| What to do |
I'd like the entries reproduced exactly, with the images omitted.

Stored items
Content starts

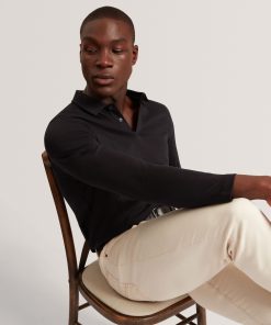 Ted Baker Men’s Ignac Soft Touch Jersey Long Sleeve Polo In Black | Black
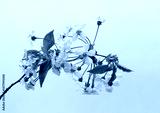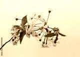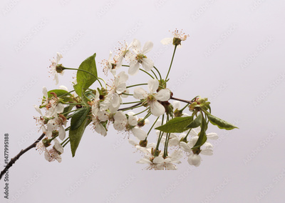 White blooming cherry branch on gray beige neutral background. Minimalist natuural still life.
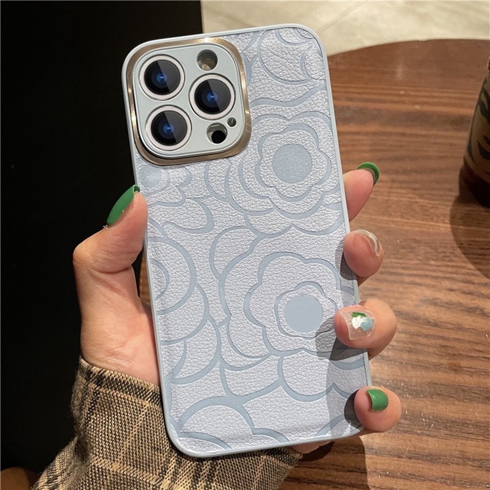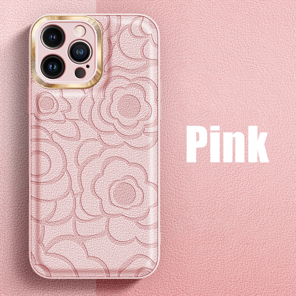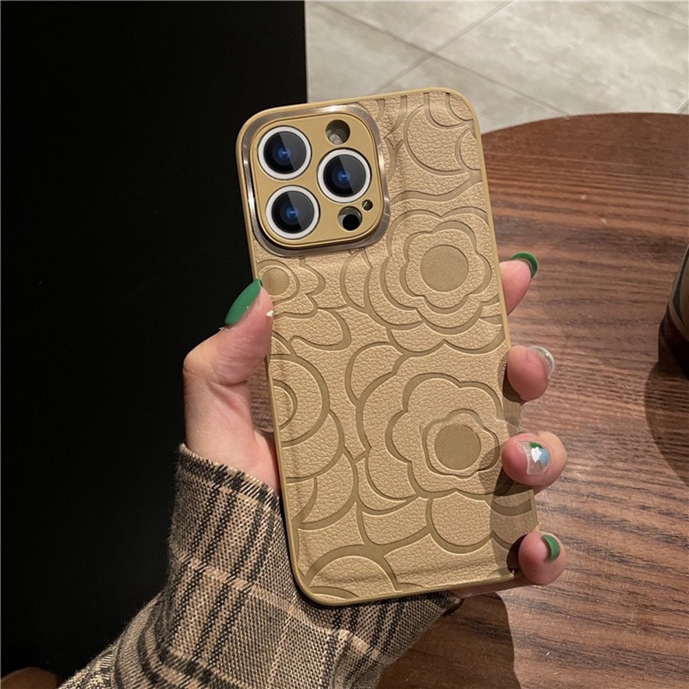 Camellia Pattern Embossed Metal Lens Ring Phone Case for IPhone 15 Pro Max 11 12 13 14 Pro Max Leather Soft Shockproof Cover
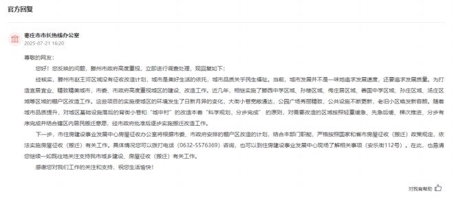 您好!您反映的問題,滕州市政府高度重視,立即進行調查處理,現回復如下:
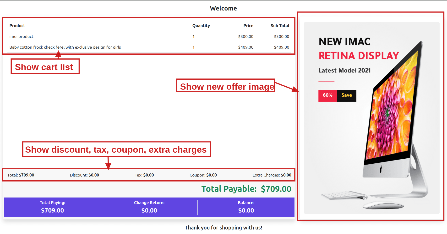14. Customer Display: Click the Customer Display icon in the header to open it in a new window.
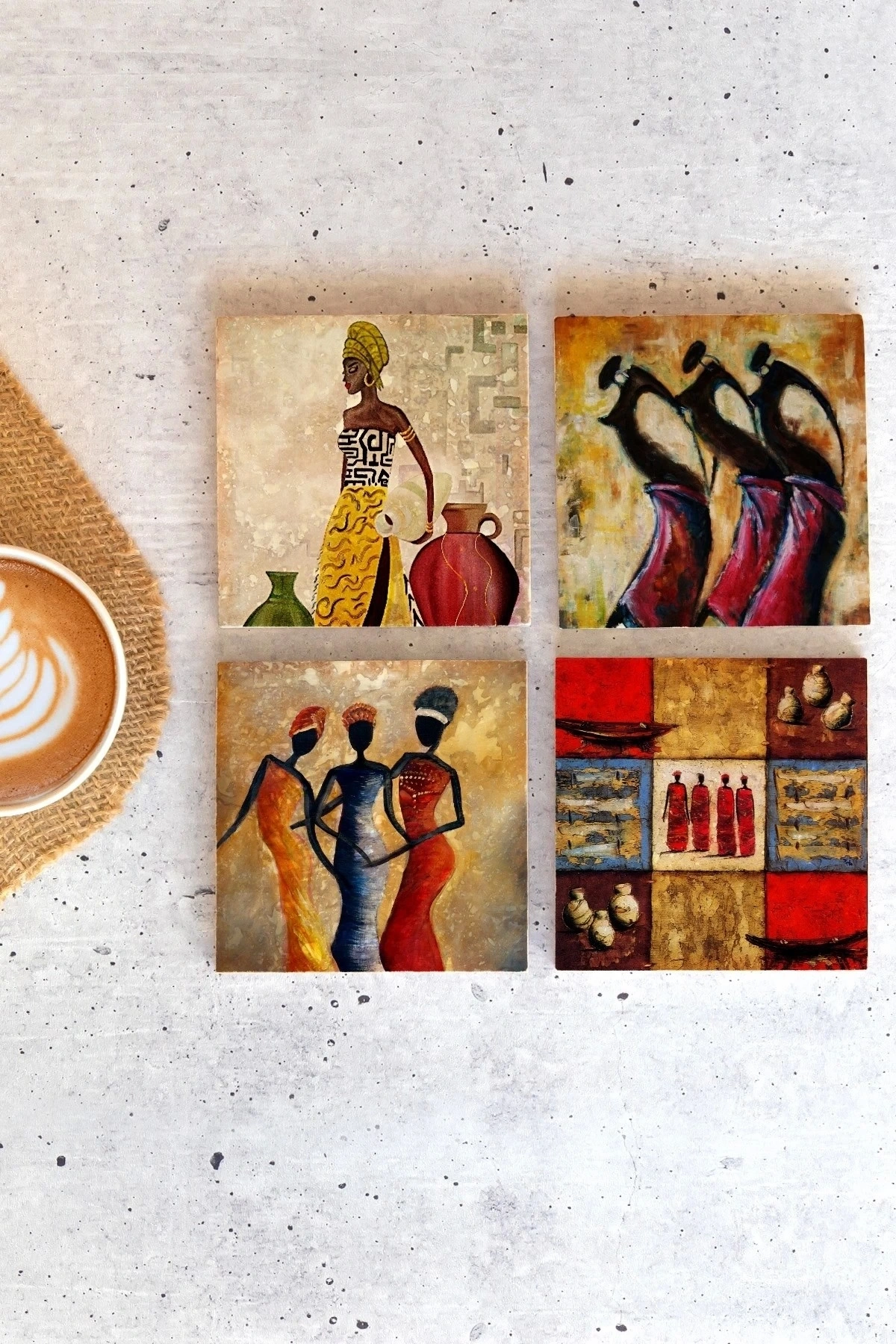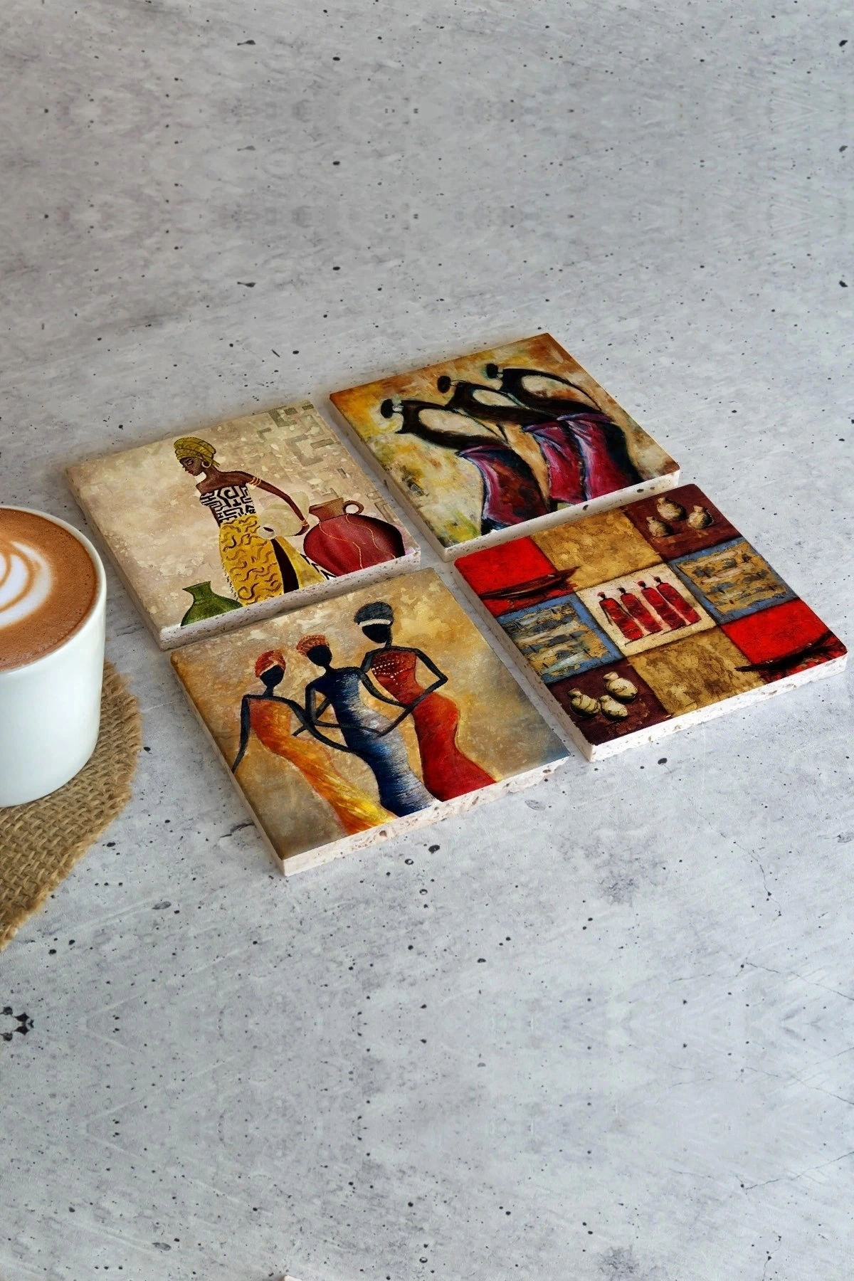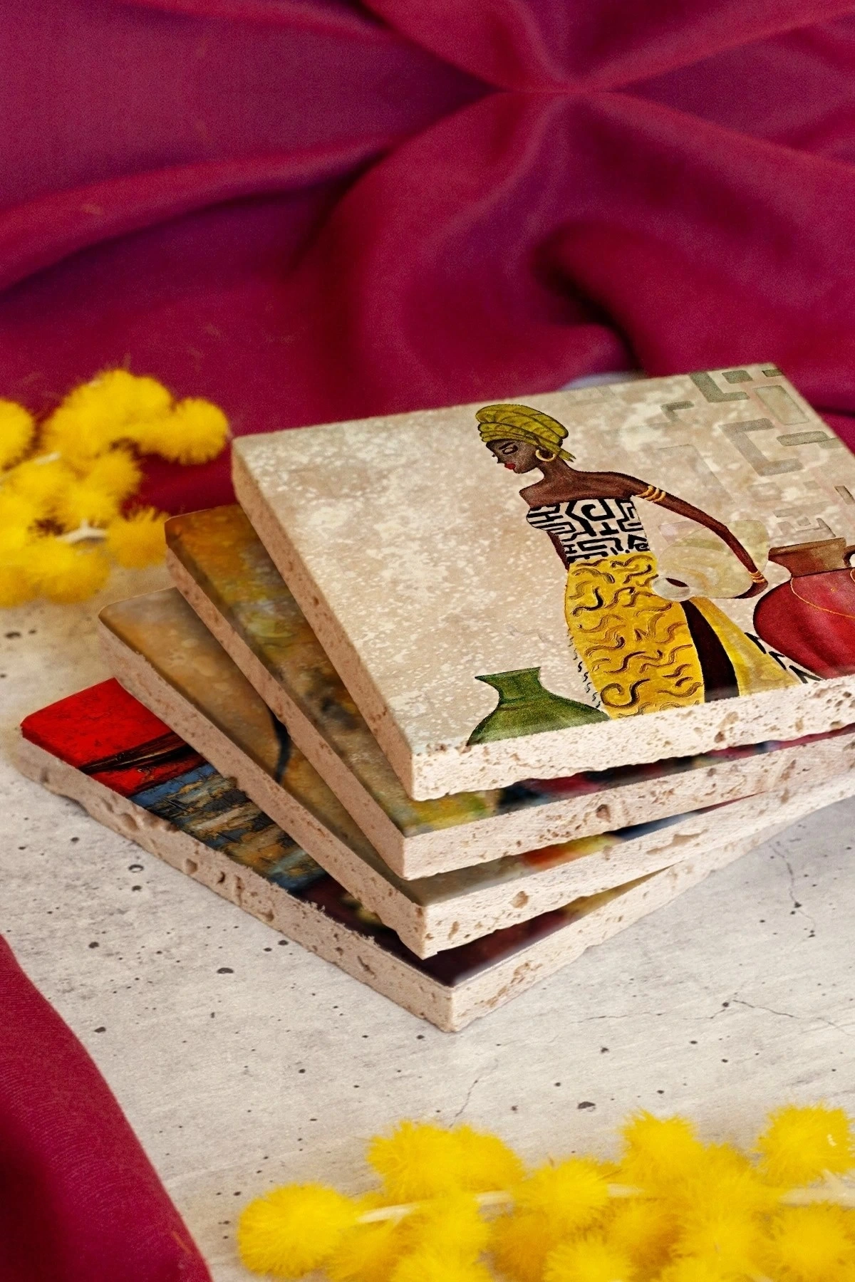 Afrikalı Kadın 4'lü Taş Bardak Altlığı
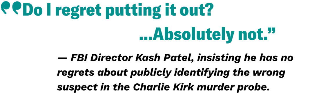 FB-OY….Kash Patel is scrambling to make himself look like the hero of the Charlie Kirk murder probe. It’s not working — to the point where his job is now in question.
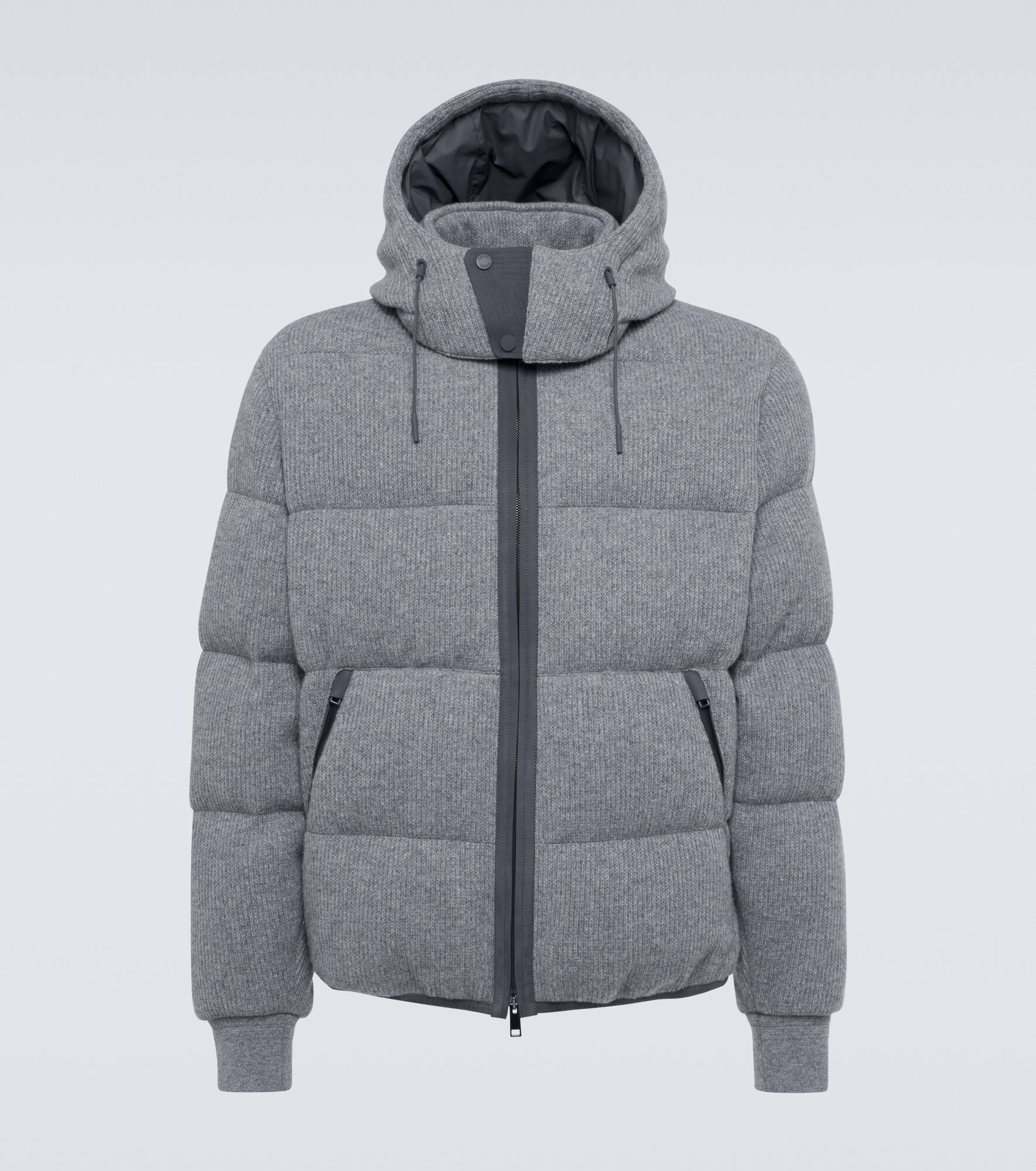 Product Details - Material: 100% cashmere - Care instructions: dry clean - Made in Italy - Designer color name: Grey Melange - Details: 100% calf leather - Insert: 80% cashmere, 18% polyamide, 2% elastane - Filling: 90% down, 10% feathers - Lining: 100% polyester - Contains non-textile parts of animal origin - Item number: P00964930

Content ends

| Answer to the problem |
 Ted Baker Men’s Ignac Soft Touch Jersey Long Sleeve Polo In Black | Black
 White blooming cherry branch on gray beige neutral background. Minimalist natuural still life.
 Camellia Pattern Embossed Metal Lens Ring Phone Case for IPhone 15 Pro Max 11 12 13 14 Pro Max Leather Soft Shockproof Cover
 您好!您反映的問題,滕州市政府高度重視,立即進行調查處理,現回復如下:
14. Customer Display: Click the Customer Display icon in the header to open it in a new window.
 Afrikalı Kadın 4'lü Taş Bardak Altlığı
 FB-OY….Kash Patel is scrambling to make himself look like the hero of the Charlie Kirk murder probe. It’s not working — to the point where his job is now in question.
 Product Details - Material: 100% cashmere - Care instructions: dry clean - Made in Italy - Designer color name: Grey Melange - Details: 100% calf leather - Insert: 80% cashmere, 18% polyamide, 2% elastane - Filling: 90% down, 10% feathers - Lining: 100% polyester - Contains non-textile parts of animal origin - Item number: P00964930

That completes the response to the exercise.